You asked, and here it is: The modern version of the #352 Icing Depot. It's about 30 seconds in...<http://www.youtube.com/watch?v=C8gxM2B8ZIk>. Maybe the postwar one, like the one I've got has a more vintage look, but the action is hilariously fast - this one's action is nice...


----------



## sjm9911 (Dec 20, 2012)

That was cool, thanks. I had no idea what it was supposed to do. The action is smooth. I guess you can blame the speed on the greater work effort of the old timers, the new guy is just lazy!


----------



## sjm9911 (Dec 20, 2012)

The parts came in today right before dinner and I couldn't wait to put the fm back together. It cleaned up pretty well. I changed out the battery clamp, and needed a new motor mount screw. It works as is. Forward, neutral, reverse, no problem. The horn needs a wire reconnected but when jumped it works. The frame got 4-5 coats of bluing. I tryed to coat it with wax, etc to no avail. It ate away at the bluing. I went with a lite coat of oil. It will attract dust but the oil darkened the frame nicely. I do no know how to tell if the motors are in sync. It seems to run rather well. I will clean up the shell soon. Any advice, clear coat etc, my usual soaking will take off the decals and I don't want to do that.


----------



## gunrunnerjohn (Nov 10, 2010)

That looks great, hard to imagine it's the same locomotive as we saw earlier! :thumbsup:


----------



## tjcruiser (Jan 10, 2010)

What a fabulous improvement! Excellent work.

(Now just don't leave that battery in for another 60 years!)

TJ


----------



## Big Ed (Jun 16, 2009)

Looking good, :thumbsup: Did you lube the gears? 
In the one picture I see, the gear looks dry.

Before you do the shell, post a couple of more pictures of the shell, you only have the one, do both sides and the front and back. Get one of the inside too.

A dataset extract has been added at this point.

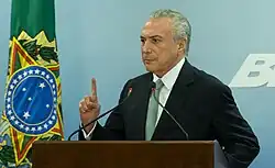 Temer himself was mentioned in the plea bargains, where he allegedly attended two meetings with the Odebrecht informants to arrange bribes.[10] In addition to the Odebrecht plea bargains, Temer also appears in the plea bargains of lobbyists Júlio Camargo and Fernando Baiano, Sérgio Machado, and the expelled senator Delcídio do Amaral. However, none of these plea bargains could be investigated as Temer enjoys "temporary immunity": the President of the Republic cannot be the target of investigations for events that occurred outside his term of office.[10]

Please.

I think I have seen the FM decals for sale somewhere.
It would be nice if you could repaint it.
The walkway under the handrails, are they all metal?


----------



## imatt88 (Jan 31, 2010)

beautiful job on the resto:thumbsup:

What is this rust stuff you guys were talking about?


----------



## Big Ed (Jun 16, 2009)

imatt88 said:


> beautiful job on the resto:thumbsup:
> 
> What is this rust stuff you guys were talking about?

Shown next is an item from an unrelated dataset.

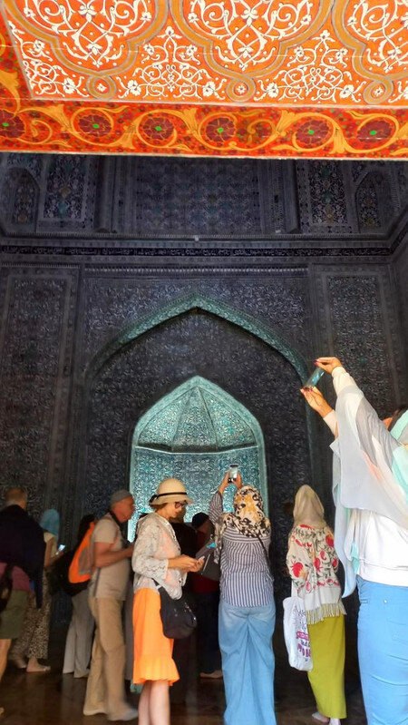Мавзолей Ходжи Накшбанди -Я поведу тебя в музей Я повезу вас в мавзолей, - торжественно объявил в автобусе Шерзод. И торопливо добавил водителю: - Трогай! А что делать? Куда с подводной лодки денешься - экскурсия с романтичным названием «Загородные замки(?) Бухары» была оплачена при покупке тура. Сегодня седьмой день поездки, и что-то мы уже подустали от мавзолеев. Тем более, что сегодняшний день был очень насыщенным. Он начался еще в крепости «Арк» несколько постов назад, и читатель уже, наверно, и забыл о бухарской крепости, а день еще не кончился. Итак, мы недалеко от Бухары в мавзолее Ходжи Бахауддина Накшбанди. Накшбанди (в переводе - чеканщик по своему ремеслу) является духовным покровителем Бухары. Он основал суфийский орден накшбандия (чеканщики). Свою философию строил на принципе: "В сердце - Аллах, а в руках - труд". Особенностью его учения был отказ от нищенства: каждый накшбанд должен знать минимум два ремесла и уметь прокормить не только себя, но и других. Основной духовной практикой был "тихий зикр", то есть, нечто подобное медитации, совершаемой в определённой позе и с определённым ритмом вдохов, задержек дыхания и выдыхов (дервиши со своим мистическим танцем-кружением – тоже суфии только другого течения). Накшбанди в Бухаре считается вторым почитаемым святым после пророка Мухаммеда. С молитвами к нему обращаются и за удачей в делах, и за помощью попавшим в беду, и за защитой от порчи и болезни. И каждый обратившийся получает помощь у этого святого. По крайней мере, так говорят верующие. Главная идея суфизма - «уединение в толпе»: духовная сосредоточенность при активном участии в общественной жизни. – Чем суфизм отличается от «официального ислама»? – Суфизм – это «высший пилотаж» нашей духовности, когда мы настолько приблизились к Всевышнему, что ни на что в этом мире уже не обращаем внимания. Но в исламе монашество запрещено, и даже суфий будет ходить на работу, - например, объясняет имам казанской мечети «Гаиля» Рустам хазрат Хайруллин. Читаю сейчас о суфиях - очень интересно, но много непонятного, много вопросов возникает. С каким удовольствием теперь я бы переслушала рассказ Шерзода в мавзолее и вопросов назадавала. *** По аллее между высоких стен ханского некрополя идем в небольшой дворик, где и стоит мавзолей святого: Стены окружены красивым айваном с резными деревянными колоннами: Во дворике есть небольшой хауз и маленький чартак - сооружение с куполом на четырех арках. Отсюда производные - "чердак, чертог". Внутри чартака обычно стоял сосуд с водой, чтобы путники могли утолить жажду: Территория мавзолея большая и тенистая. Здесь две действующих мечети: большой хауз, за ним виднеется купол необычных очертаний. Это - ханака, временное пристанище для странствующих суфий с кельями по периметру и свободной площадкой в центре, где странствующие суфийские философы и мудрецы предавались размышлениям о жизни: Направляемся на выход, еще не осознав, где мы побывали:

http://www.evaporust.com/evaporust.html?gclid=CILGh56t2bYCFUPc4AodQD8AQg

Sold in local stores.


----------



## sjm9911 (Dec 20, 2012)

Thanks, 
Tj, I thought about that more then once! 
Ed it was lubed, I might have wiped the excess off, maybe too much. 
Here are the pictures of the shell, is it real or fake? I think based on the age of the battery and stuff that was in the lot it has the age to be real. It has the cracks on both screw holes. The lettering, however slight feels to be heat stamped. The blue color looks about right. The frame was the right type with the right battery cover. What do you think? The inside discoloration is a combination of paint overspray( by the vents), rust, and battery insides(that stuff went everywhere in is hard to remove). I was working on that inside spot for a long time I still haven't cleaned it all off.


----------



## BigAl56 (Dec 14, 2011)

Hmmm, If there is a TCA meet held in your area it might be worth your while to stop by and ask them to take a look at it. 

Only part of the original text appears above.